### Work to complete:
Retype the material that follows exactly, limited to the lines from the one with "三、FIR 滤波器在 Chirp 雷达信号处理中的应用" through the one with "Mens/Gentlemens 3 Pack", and keep out all pictures.

-=-=-=-=-

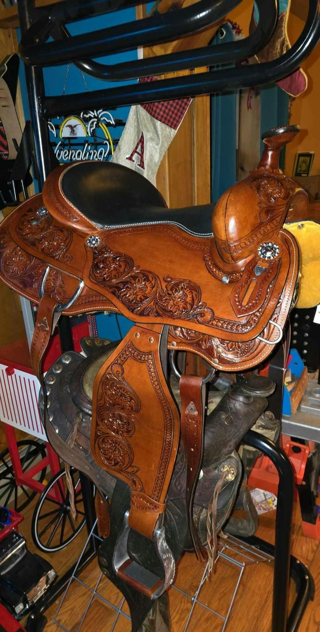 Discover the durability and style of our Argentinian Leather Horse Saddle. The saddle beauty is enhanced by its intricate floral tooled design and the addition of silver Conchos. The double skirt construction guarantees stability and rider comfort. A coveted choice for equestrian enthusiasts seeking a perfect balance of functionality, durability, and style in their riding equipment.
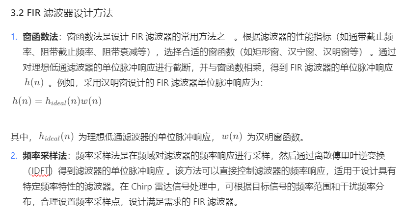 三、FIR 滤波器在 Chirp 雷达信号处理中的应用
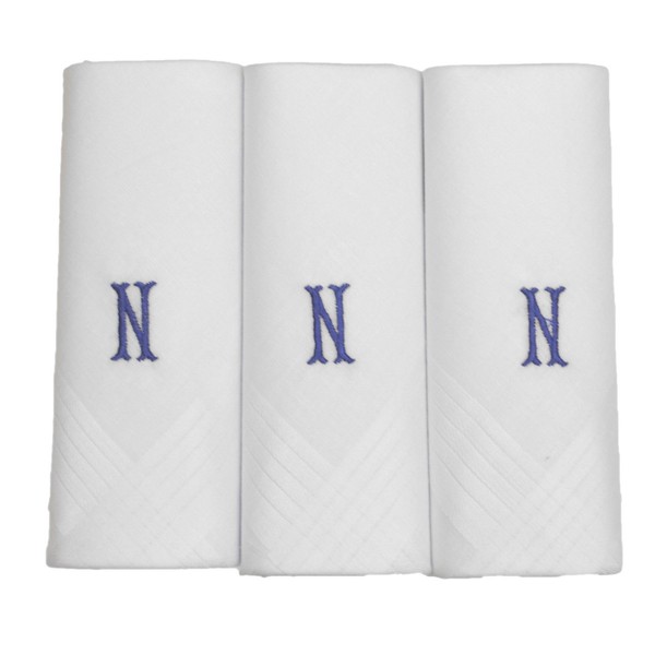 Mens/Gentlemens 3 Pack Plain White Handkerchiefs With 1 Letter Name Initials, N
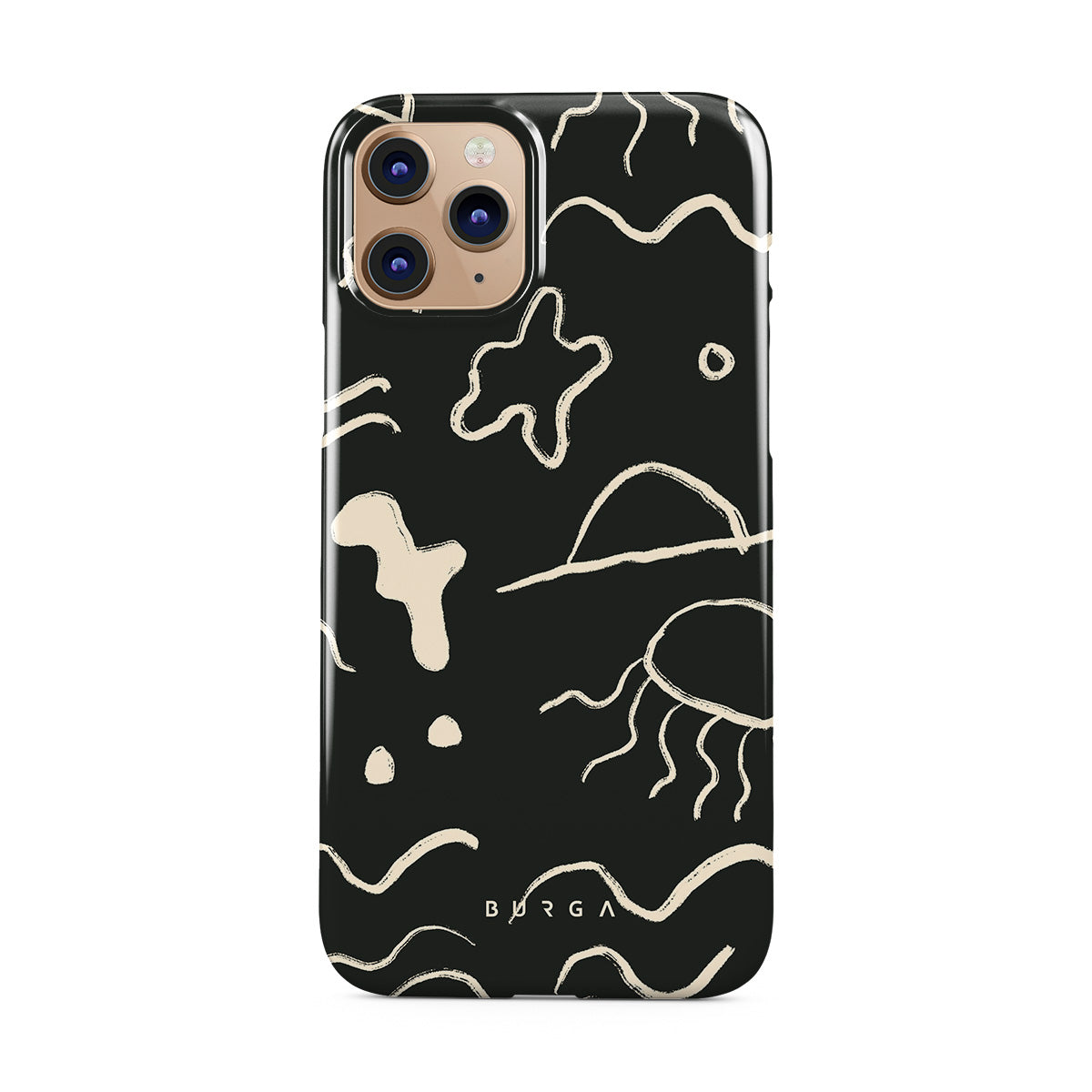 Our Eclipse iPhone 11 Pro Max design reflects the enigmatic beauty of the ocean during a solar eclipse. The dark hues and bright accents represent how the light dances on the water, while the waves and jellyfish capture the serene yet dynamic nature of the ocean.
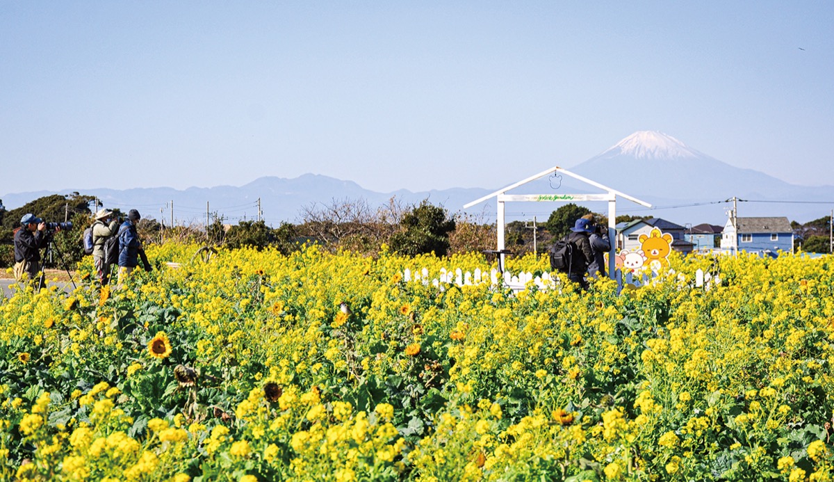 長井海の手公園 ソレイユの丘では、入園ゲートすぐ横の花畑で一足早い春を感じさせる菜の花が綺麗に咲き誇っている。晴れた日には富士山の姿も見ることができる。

-=-=-=-=-

### Exercise result:
 三、FIR 滤波器在 Chirp 雷达信号处理中的应用
 Mens/Gentlemens 3 Pack Plain White Handkerchiefs With 1 Letter Name Initials, N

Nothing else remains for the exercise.